Находясь в рамках одной аналитически-статистической системы и вводя в них исследуемое стихотворение, невозможно не рассматривать это стихотворение как аппликацию, наложенную поверх собственной совокупности оценок или установок, пусть и опирающихся на прекрасное знание истории отечественной или зарубежной поэзии. А дальше остается только смотреть, сравнивать и отмечать, насколько данная аппликация удовлетворяет положениям уже сформированных внутри этой системы взглядов.
Поток стихотворений-аппликаций в последнее время стремительно прогрессирует. Аппликативные стихи должны удовлетворять тем или иным групповым представлениям (желательно подкрепленным статистически-описательными возможностями референтной группы экспертов) и не должны нарушать установленные аппликативной поэтикой «конвенции».
Такие стихи обыкновенно пишутся с маленькой буквы, считаются современными, каким-то краем стремятся обнаружить связь с политикой, гендерными проблемами, движением денег и товаров, употребляют обсценную и англоязычную лексику, избегают рифм, с отсталой Азией знакомства не поддерживают. В основном они все похожи. Аппликативное стихотворение, как и аппликативная поэтика, не могут предложить ничего качественно нового, отрывающегося от проторенного пути, потому что осуществляют процесс наложения предлагаемого материала на тот же самый материал (образуя скорее складку, чем окно), слегка разнясь в цвете и в форме, но не в качестве.
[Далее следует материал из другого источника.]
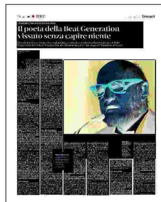
Lawrence Ferlinghetti è nato nel 1919 a Yonkers, nello stato di New York, era figlio di un bresciano emigrato. È morto lunedì a San Francisco.

In quegli anni, San Francisco stava vivendo un'epoca di fioritura
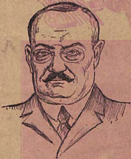
NASTĘPCA RAKOWSKIEGO. Sowiecki ambasador w Tokio, Dowgalewski.
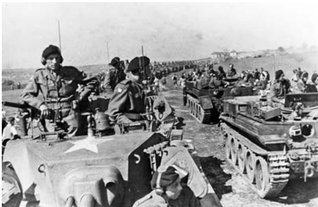
Hlavní zdroj obrněných vozidel v roce 1945 – kolony tanků Československé samostatné obrněné brigády
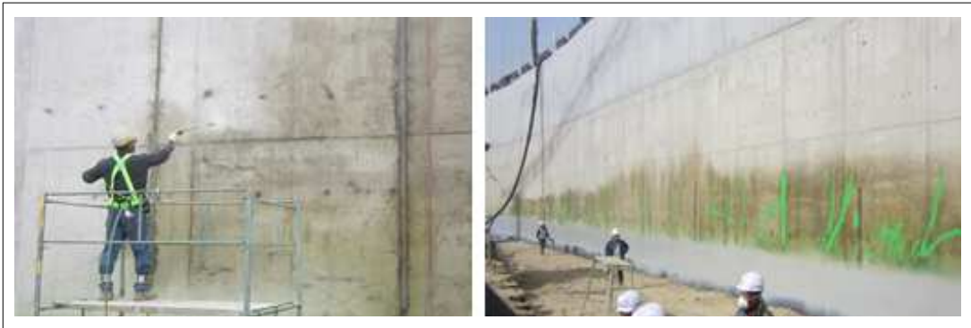
[KSC P100 1st 시공사진]
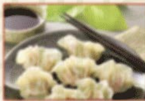
H5. 猪肉白菜水饺 Schweinefleisch-Kohl- Dumplings C,O 14,00€
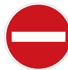
Zákaz vjezdu všech vozidel (B 2)
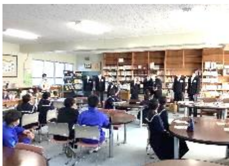
城東中 eじゃん掛川

1月12日から27日までの期間で市内9中学校を訪問し、延べ約200人の中学生と意見交換会（ヒアリング）をおこないました。また、ウェブフォームに700件を超える投稿（とうこう）をいただき、新制服のスタイルやジャケットの色などについて御意見をいただきました。
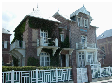
Vue d'ensemble. IVR22_20048001691NUCA
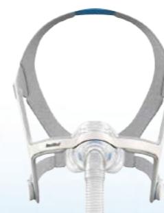
Máscara Nasal Airfit N20
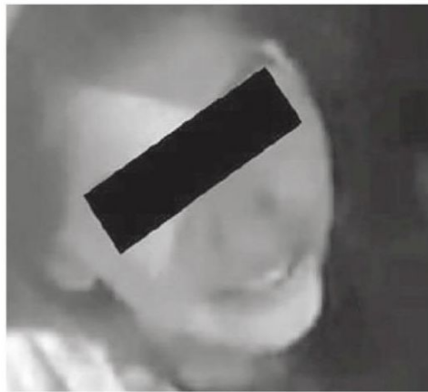
La responsable terminó detenida

Finalmente, las oficiales lograron subirla a la patrulla y la trasladaron ante el Ministerio Público.
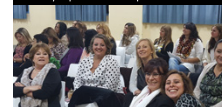
Las mujeres de APJAE participaron de una nueva edición de los encuentros organizados por la secretaria de Capacitación.
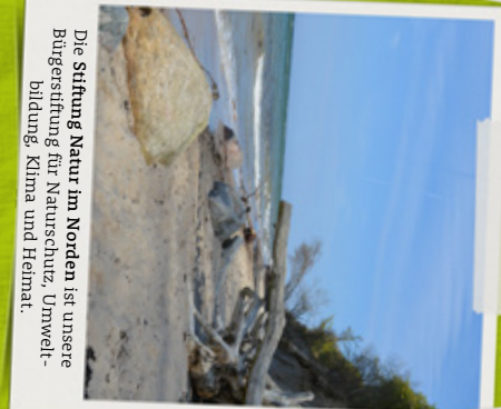
Die Stiftung Natur im Norden ist unsere Bürgerstiftung für Naturschutz, Umweltbildung, Klima und Heimat.
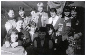
Знаменка 2001 г., к нам пришел в гости ССО «Родник» (Н.Тагил)
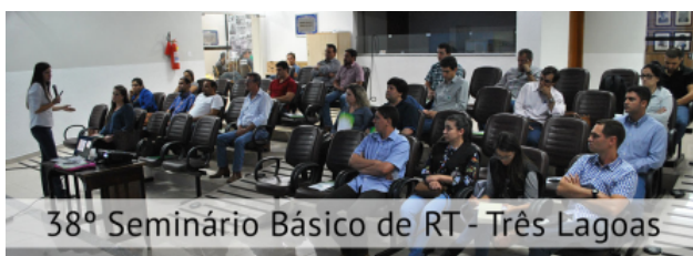
38º Seminário Básico de RT - Três Lagoas

Сущность аппликативной поэтики, поэтики текста, заключается в том же, в чем сущность анализируемого моностиха — удовлетворять ряду предъявленных методологических методов не-поэзии.
Забыв о своей гносеологической первичности, а проще говоря — о таинственном первородстве и «инопланетности» по отношению к банальной логике или формальным правилам референтного пространства, такая поэзия не определяет правила игры, а определяется тем, что создана не-поэзией. Философией, экономикой, трендом, технологической акустикой, филологией, предписанной лингвистической коммуникацией социальных групп и т.д.
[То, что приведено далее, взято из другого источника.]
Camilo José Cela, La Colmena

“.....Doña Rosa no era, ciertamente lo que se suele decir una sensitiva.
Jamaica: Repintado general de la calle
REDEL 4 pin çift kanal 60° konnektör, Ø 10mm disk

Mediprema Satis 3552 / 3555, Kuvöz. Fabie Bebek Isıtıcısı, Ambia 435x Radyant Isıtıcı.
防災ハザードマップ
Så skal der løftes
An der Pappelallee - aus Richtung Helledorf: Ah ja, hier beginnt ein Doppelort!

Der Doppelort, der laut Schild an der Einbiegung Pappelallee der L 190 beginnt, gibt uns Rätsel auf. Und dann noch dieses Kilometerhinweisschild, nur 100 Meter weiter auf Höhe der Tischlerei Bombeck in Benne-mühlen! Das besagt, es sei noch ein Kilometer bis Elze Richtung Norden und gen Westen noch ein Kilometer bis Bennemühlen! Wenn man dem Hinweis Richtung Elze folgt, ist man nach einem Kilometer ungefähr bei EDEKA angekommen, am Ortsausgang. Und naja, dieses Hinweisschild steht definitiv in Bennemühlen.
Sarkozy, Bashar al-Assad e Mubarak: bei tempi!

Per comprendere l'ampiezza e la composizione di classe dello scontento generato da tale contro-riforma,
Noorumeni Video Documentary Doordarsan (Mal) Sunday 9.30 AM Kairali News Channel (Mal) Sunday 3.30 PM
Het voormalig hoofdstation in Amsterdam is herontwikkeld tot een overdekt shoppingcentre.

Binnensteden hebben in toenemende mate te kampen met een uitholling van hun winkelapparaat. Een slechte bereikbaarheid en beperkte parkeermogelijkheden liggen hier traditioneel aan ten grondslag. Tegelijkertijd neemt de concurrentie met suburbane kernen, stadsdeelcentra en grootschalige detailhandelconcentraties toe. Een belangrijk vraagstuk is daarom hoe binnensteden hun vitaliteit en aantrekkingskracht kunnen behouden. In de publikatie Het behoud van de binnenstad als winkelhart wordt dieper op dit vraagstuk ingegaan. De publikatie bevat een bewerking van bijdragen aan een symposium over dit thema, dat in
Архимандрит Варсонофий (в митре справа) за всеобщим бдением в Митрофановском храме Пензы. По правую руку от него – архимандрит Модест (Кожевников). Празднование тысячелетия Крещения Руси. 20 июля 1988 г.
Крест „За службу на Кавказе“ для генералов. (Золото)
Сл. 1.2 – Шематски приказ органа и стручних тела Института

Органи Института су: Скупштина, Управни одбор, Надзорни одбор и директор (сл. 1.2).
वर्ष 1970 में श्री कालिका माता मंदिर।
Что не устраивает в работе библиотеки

Аппликативность как стиль поэтического мышления — сегодня до какой-то степени и на ряде представительных культурных территорий — процветает. Более того, писать по-другому считается дурным тоном и вчерашним днем поэтической техники. Образцами здесь часто служит университетская поэзия Америки и Европы.
Поэтика аппликации интересна и поучительна. Это метод людей, по крайней мере, образованных и филологически чутких к материалу, и мне он всегда был ближе, чем некоторые безбрежные, в смысле чувств и эмоциональной подачи, образцы «патриотической народной» поэзии, основной жест которых — разорванная на груди рубаха.
Но есть и другая поэтика. Та самая, из которой исходила и которой продолжает следовать вся стоящая поэзия мира, включая невольных предтеч и вдохновителей аппликативного метода.
Это поэтика разрыва.
На ее территории стихотворение — это не аппликация, накладываемая на определенное культурное поле, а разрыв этого самого поля на свой страх и риск. Прорыв его условий и конвенций. Уход от артикулируемых авторитетами правил игры.
Стихотворение, если оно есть акт поэзии, надо рассматривать как разрыв, задавая себе вопрос, в какой точке оно начинается как разрыв и в какой точке кончается. Если, скажем, мы прослеживаем молнию, то о ней надо говорить как о разрыве в обычном состоянии атмосферы: от точки, находящейся в туче, до точки, где огненный зигзаг завершается в стволе дерева.
В несколько более зашифрованном виде об этом феномене пишет Э. Левинас: «В идентичности самоприсутствия — в безмолвной тавтологии до-рефлективного — выявляется различие между подобным, различие в сердце интимного. Здесь искомое сознание себя есть также разрыв, Другое разрывает самотождественность сознания и зовет его к чему-то более глубокому, чем оно само. Waches Ich — я бодрствую»
Другое разрывает самотождественность сознания… Другое: не относящееся к аппликативной и статистической логике привычного горизонтального мышления, даже самого что ни на есть изощренного.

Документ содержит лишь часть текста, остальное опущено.